Influence of Nao Xue Kang tablet on dynamic expression of PAR- 1after acute intracerebral hemorrhage in rats
- VernacularTitle:脑血康片对急性脑出血大鼠PAR-1表达及动态演变的影响
- Author:
Guoqing ZHENG
;
Yan WANG
;
Xiaotong WANG
- Publication Type:Journal Article
- Keywords:
Cerebral hemorrhage;
Nao Xue Kang tablet;
Thrombin;
Protease- activated receptors- 1
- From:
Chinese Journal of Pathophysiology
2006;22(4):786-790
- CountryChina
- Language:Chinese
-
Abstract:
AIM: To study the dynamic expression of protease - activated receptors - 1 (PAR- 1 ) after intracerebral hemorrhage (ICH) and the influence of Nao Xue Kang Tablet (NXKT) on it's expression. METHODS: 72 Wistar rats were divided into normal group, ICH model groups (ICH, 6 h, 24 h, 3 d, 7 d), Nao Xue Kang groups (NXKT, 6 h, 24 h, 3 d,7 d).ICH models were produced with the induction of collagenase typeⅦ - S, except normal group.
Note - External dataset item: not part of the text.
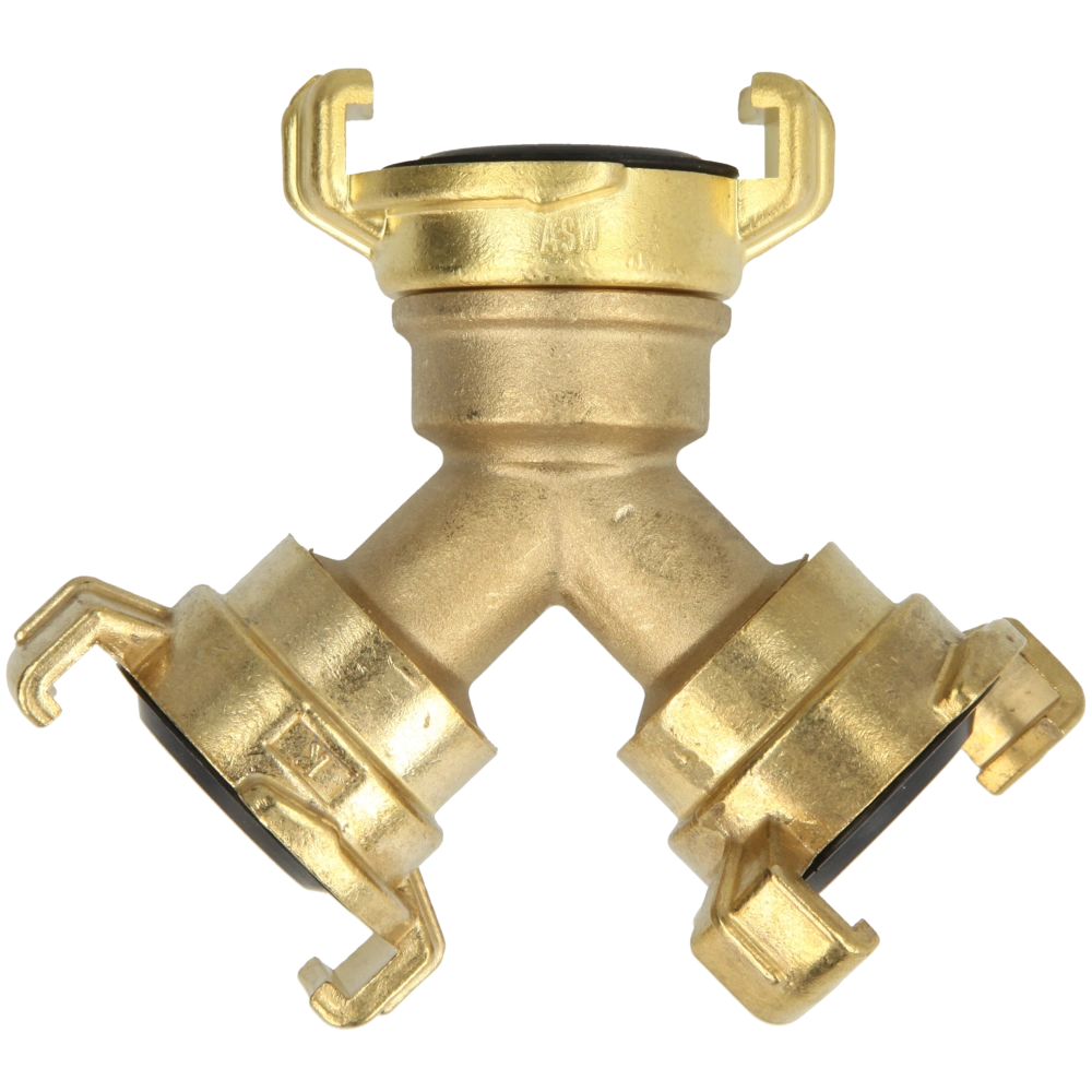 De Y-verdeler met aansluiting voor drie snelkoppelingen is gemaakt van messing. De afdichtingen zijn gemaakt van rubber. Het is geschikt voor alle messing snelkoppelingen met een nokbreedte van 40 mm.

Immunohistochemical method was used to detect PAR- 1 protein and RT- PCR technique was used to detect PAR- 1 mRNA in brain tissues around the haematoma at different time points of different groups. RESULTS: PAR - 1 protein and mRNA were mildly positive in normal group. In ICH model groups, intensity of PAR - 1 expression started to increase at 6 h, and further increased at 24 h. PAR - 1 expression reached the peak at 3 d and began to descend. At 7 d the decent was obvious. At 6 h, 24 h, 3 d, and 7 d time points, the PAR-1 protein positive cell number and PAR- 1 mRNA absorbance ratio in ICH model and NXKT groups were significantly higher than those in normal group ( P <0.05 or P < 0.01). The PAR- 1 protein positive cell number and PAR- 1 mRNA absorbance ratio in NXKT group were significantly lower than in ICH model group ( P < 0.05 or P < 0.01 ). CONCLUSION: After ICH,PAR - 1 is continuously activated because of the stimulation of thrombin. Action of thrombin after ICH may be mediated by PAR- 1; NXKT may inhibit the activation of PAR- 1, so the praxiology is improved. This may be one of the main mechanisms that NXKT could facilitate the recovery of nervous function.